I'm trying to use pgtol
in R's optim function and not getting anywhere.
I optimize this function
RosenbrockFactory <- function(a,b) {
function(v) {
return( (a-v[1])^2 + b*(v[2]-v[1]^2)^2 )
}
}
# the exact function to optimize
fn <- RosenbrockFactory(2,3)
I use this helper function to get the gradient at a=2, b=3
gradR <- function(v) {
x <- v[1]
y <- v[2]
gr <- rep(0,2)
gr[1] <- -2 * (2-x) - 12 * (y-x^2)*x
gr[2] <- 3*2*(y-x^2)
return(gr)
}
default optimization, and check, gradient higher than I want
fn <- RosenbrockFactory(2,3)
opt0 <- optim(c(0,0), fn, method="L-BFGS-B")
gradR(opt0$par)
# [1] 9.060194e-05 -3.449572e-05
The R stats
package help for optim
documentation says, "helps control the convergence of the "L-BFGS-B" method. It is a tolerance on the projected gradient in the current search direction. This defaults to zero, when the check is suppressed."
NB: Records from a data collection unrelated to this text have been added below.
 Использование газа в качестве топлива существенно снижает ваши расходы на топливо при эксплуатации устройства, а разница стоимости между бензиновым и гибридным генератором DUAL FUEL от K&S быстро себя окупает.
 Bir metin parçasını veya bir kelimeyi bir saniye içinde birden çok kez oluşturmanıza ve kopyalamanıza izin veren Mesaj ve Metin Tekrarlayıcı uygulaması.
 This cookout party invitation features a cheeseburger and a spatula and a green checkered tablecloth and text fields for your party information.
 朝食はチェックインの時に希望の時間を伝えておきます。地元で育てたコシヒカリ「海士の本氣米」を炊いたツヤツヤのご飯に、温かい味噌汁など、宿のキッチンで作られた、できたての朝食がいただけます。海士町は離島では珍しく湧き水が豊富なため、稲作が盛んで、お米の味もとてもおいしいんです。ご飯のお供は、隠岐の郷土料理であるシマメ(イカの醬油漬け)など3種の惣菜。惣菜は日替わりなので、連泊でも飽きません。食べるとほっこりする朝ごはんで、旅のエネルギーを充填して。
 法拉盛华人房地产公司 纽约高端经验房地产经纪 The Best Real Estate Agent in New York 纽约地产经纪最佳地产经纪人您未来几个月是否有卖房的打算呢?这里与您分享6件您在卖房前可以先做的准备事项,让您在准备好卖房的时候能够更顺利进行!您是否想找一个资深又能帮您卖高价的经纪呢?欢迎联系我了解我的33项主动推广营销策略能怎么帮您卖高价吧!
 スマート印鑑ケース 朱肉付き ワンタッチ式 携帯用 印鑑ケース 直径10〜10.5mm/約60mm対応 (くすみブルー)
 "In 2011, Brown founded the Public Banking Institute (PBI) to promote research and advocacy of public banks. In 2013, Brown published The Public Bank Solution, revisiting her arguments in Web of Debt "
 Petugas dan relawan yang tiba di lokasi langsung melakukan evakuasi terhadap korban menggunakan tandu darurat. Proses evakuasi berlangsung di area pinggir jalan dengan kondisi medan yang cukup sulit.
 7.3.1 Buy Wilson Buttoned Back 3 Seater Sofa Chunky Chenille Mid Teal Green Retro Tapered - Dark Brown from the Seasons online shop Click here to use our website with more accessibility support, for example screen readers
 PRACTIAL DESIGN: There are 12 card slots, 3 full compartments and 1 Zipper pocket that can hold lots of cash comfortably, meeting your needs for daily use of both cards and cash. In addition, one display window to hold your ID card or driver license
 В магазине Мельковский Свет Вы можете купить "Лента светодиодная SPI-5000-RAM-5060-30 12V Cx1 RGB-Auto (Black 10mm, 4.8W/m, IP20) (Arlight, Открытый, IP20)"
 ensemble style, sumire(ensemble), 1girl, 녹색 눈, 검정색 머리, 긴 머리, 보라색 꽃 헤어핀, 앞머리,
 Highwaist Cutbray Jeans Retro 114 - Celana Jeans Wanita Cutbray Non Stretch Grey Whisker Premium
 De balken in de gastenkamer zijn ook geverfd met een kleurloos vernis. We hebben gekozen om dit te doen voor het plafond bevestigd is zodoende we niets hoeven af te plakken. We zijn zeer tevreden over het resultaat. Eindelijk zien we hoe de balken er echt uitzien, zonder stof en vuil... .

This only says what happens with pgtol is 0, doesn't say what non-zero values do, so try a large value of 1e10:
opt10 <- optim(c(0,0), fn, method="L-BFGS-B", control=list(pgtol=1e10))
gradR(opt10$par)
# [1] -4 0
opt10$par
# [1] 0 0
that stops any optimization. Okay, try going the other way:
optm10 <- optim(c(0,0), fn, method="L-BFGS-B", control=list(pgtol=1e-10))
gradR(optm10$par)
# [1] 9.060194e-05 -3.449572e-05
The small value (1e-10
) changed nothing relative to before I changed pgtol
. So, I try cranking that up
optm300 <- optim(c(0,0), fn, method="L-BFGS-B", control=list(pgtol=1e-300))
gradR(optm300$par)
# [1] 9.060194e-05 -3.449572e-05
so, it did nothing again for about the smallest double.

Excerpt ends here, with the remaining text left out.